▶ **BRIEF**
Would you give the listing back word for word once its pictures are removed?

▶ **DATA**
Segment Open

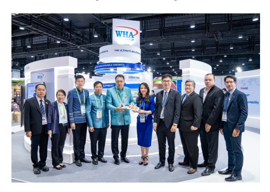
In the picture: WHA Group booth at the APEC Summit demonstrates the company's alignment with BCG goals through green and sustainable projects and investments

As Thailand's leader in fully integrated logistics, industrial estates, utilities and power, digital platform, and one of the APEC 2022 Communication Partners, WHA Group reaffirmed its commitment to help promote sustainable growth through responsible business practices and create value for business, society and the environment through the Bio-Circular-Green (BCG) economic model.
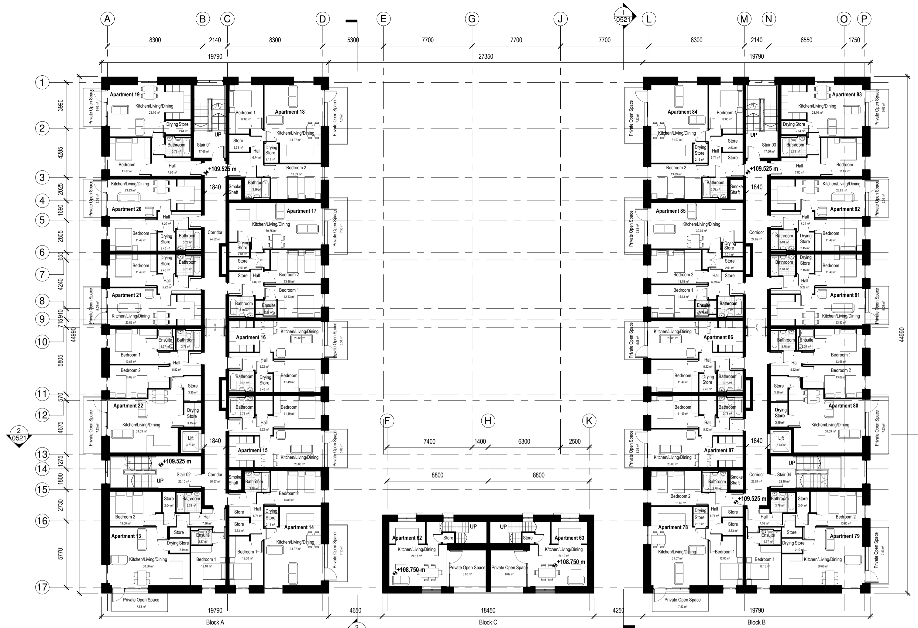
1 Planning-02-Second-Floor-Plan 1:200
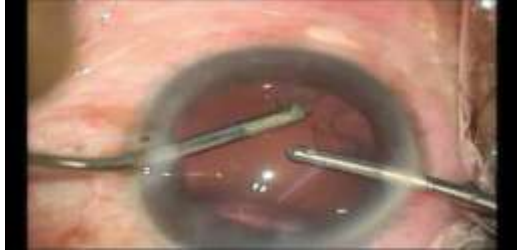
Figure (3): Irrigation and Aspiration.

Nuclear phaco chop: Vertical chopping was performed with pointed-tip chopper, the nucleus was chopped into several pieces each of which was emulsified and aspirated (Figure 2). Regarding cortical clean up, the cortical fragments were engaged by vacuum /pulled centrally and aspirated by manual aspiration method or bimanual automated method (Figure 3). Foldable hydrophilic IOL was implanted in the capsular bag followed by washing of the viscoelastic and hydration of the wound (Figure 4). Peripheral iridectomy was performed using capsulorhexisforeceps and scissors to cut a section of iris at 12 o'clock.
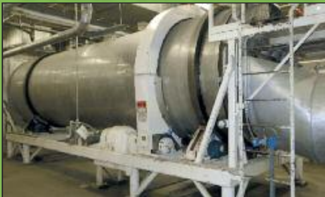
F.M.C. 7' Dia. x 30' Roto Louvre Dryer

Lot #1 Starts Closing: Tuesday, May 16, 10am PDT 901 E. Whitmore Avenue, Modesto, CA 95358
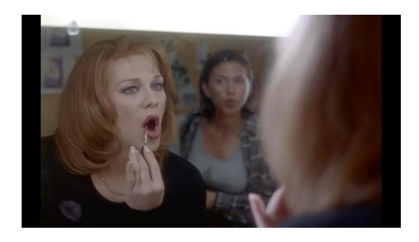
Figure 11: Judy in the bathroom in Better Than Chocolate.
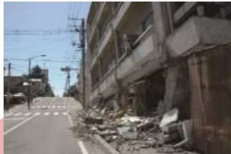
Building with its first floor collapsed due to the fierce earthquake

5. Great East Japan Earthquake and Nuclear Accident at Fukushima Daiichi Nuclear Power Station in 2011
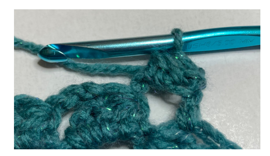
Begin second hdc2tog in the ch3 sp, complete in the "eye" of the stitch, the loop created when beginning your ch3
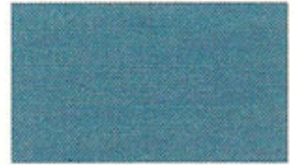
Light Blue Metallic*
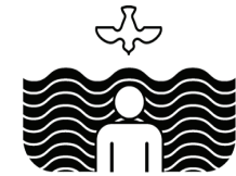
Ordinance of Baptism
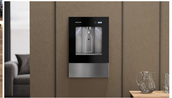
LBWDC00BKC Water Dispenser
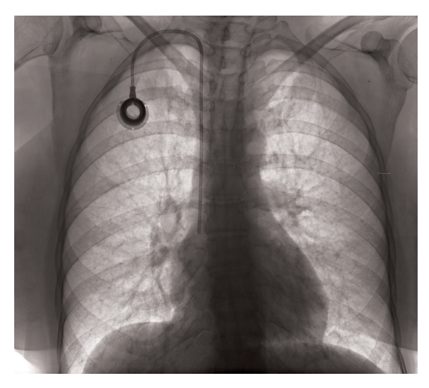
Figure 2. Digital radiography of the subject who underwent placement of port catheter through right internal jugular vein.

Segment Closed

▶ **PROBLEM SOLUTION**
In the picture: WHA Group booth at the APEC Summit demonstrates the company's alignment with BCG goals through green and sustainable projects and investments

As Thailand's leader in fully integrated logistics, industrial estates, utilities and power, digital platform, and one of the APEC 2022 Communication Partners, WHA Group reaffirmed its commitment to help promote sustainable growth through responsible business practices and create value for business, society and the environment through the Bio-Circular-Green (BCG) economic model.
1 Planning-02-Second-Floor-Plan 1:200
Figure (3): Irrigation and Aspiration.

Nuclear phaco chop: Vertical chopping was performed with pointed-tip chopper, the nucleus was chopped into several pieces each of which was emulsified and aspirated (Figure 2). Regarding cortical clean up, the cortical fragments were engaged by vacuum /pulled centrally and aspirated by manual aspiration method or bimanual automated method (Figure 3). Foldable hydrophilic IOL was implanted in the capsular bag followed by washing of the viscoelastic and hydration of the wound (Figure 4). Peripheral iridectomy was performed using capsulorhexisforeceps and scissors to cut a section of iris at 12 o'clock.
F.M.C. 7' Dia. x 30' Roto Louvre Dryer

Lot #1 Starts Closing: Tuesday, May 16, 10am PDT 901 E. Whitmore Avenue, Modesto, CA 95358
Figure 11: Judy in the bathroom in Better Than Chocolate.
Building with its first floor collapsed due to the fierce earthquake

5. Great East Japan Earthquake and Nuclear Accident at Fukushima Daiichi Nuclear Power Station in 2011
Begin second hdc2tog in the ch3 sp, complete in the "eye" of the stitch, the loop created when beginning your ch3
Light Blue Metallic*
Ordinance of Baptism
LBWDC00BKC Water Dispenser
Figure 2. Digital radiography of the subject who underwent placement of port catheter through right internal jugular vein.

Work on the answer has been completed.